Chase se colocó detrás de él y le dio una palmada en la espalda.
– Entonces te sugiero que busques la manera de convencer a la damisela en cuestión de que acepte un matrimonio a distancia, hermanito.
Aquello sí que era un reto, pensó Roman. Charlotte no estaba preparada para oír las palabras «matrimonio» o «hijos» de sus labios. Cielos, tampoco él estaba seguro de estar preparado para pronunciarlas. Pero tenía que empezar por algún sitio.

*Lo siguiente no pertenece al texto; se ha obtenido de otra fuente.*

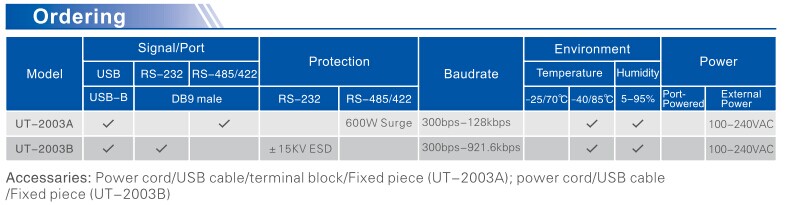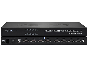 UT-2003A is a universal USB/RS-485/422 converter, which with built-in optoelectronic isolator and DC/DC power isolated module. It complies with USB, RS422, and RS-485 standards; it converts single side USB signal to a balanced differential RS-422 or RS-485 signal. The built-in optoelectronic isolator can provide as high as 2,500Vrm isolated voltage; the fast instant voltage restraint is designed to protect RS-422/RS-485 interface; it adopts advanced TVS (TRANSIENT VOLTAGE SUPPRESSOR) instant voltage restraint; normally, TVS tube is in high impedance state; when both sides of TVS tube suffer from high power impact in a sudden, the voltage restraint will fast lower the impedance from both sides, and absorb in big current; with this, the voltage on both sides are fixed at presupposed value, protects the component of circuit from damage. This voltage restraint provides 600W each wire with lightning and ESD protection, and surge voltage and instant overvoltage protection on circuit which causing by all reasons; the tiny interelectrode capacitance ensures high speed transmission for RS-422/485 ports. RS-422/RS-485 adopts DB9 male as connector. This converter is with built-in zero delay auto receiving and transmitting conversion and unique I/O circuit auto control data flow direction without any handshake signal (RTU, DTR); there is no need jumper wire setting for full duplex (RS-422) and half duplex (RS-485) mode, plug & play. It is compatible with current communication software and hardware.
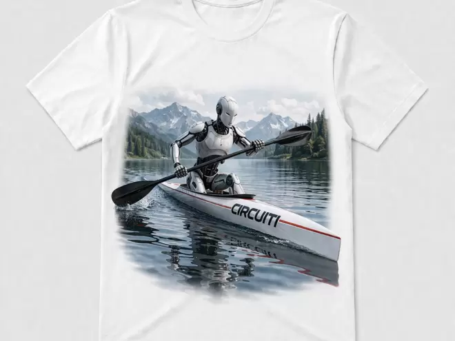 Destaca con una camiseta única que combina tecnología y deportividad. Esta camiseta blanca presenta un llamativo gráfico: un humanoide futurista remando una canoa de carreras, símbolo de velocidad, precisión e innovación.
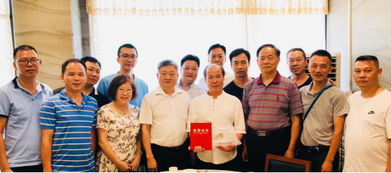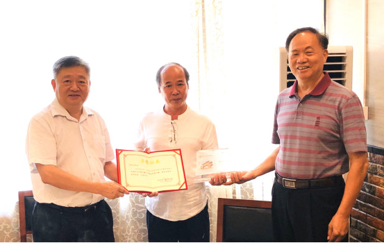 王庭槐校长(左)、许淑锐副校长(右)为总务处司机班原班长肖伦远(中)颁发荣休证书

– ¿Qué me dijiste cuando quise hacer mi primera entrevista y escogí al alcalde? -Había sido cuando tenía dieciséis años y estaba convencido de que iba a comerse el mundo como reportero.
– Empieza lentamente y ya irás aprendiendo. Lo mismo que me dijo papá. Estoy impresionado. Me cuesta creer que esas palabras se te quedaran grabadas en esa cabecita tan dura que tienes. -Chase soltó una carcajada.
– ¿Te refieres a que aparqué delante de la oficina del alcalde y no me moví hasta que respondió a mis preguntas en vez de ir al presidente de la asociación de padres y maestros como sugeriste? -Roman se rió al recordarlo.
– Con respecto a Charlotte, voy a seguir tu viejo consejo -le dijo a Chase-. Pero no te lo tengas muy creído.
Roman empezaría poco a poco. Pasar tiempo con ella y volver a conocerla mejor sería un placer. No tenía que preocuparse de seducirla. La atracción surgía por sí sola siempre que él y Charlotte estaban juntos. Si la cosa funcionaba, él tendría la carrera que le gustaba y la mujer que siempre había querido, no sólo en la cama sino en la vida.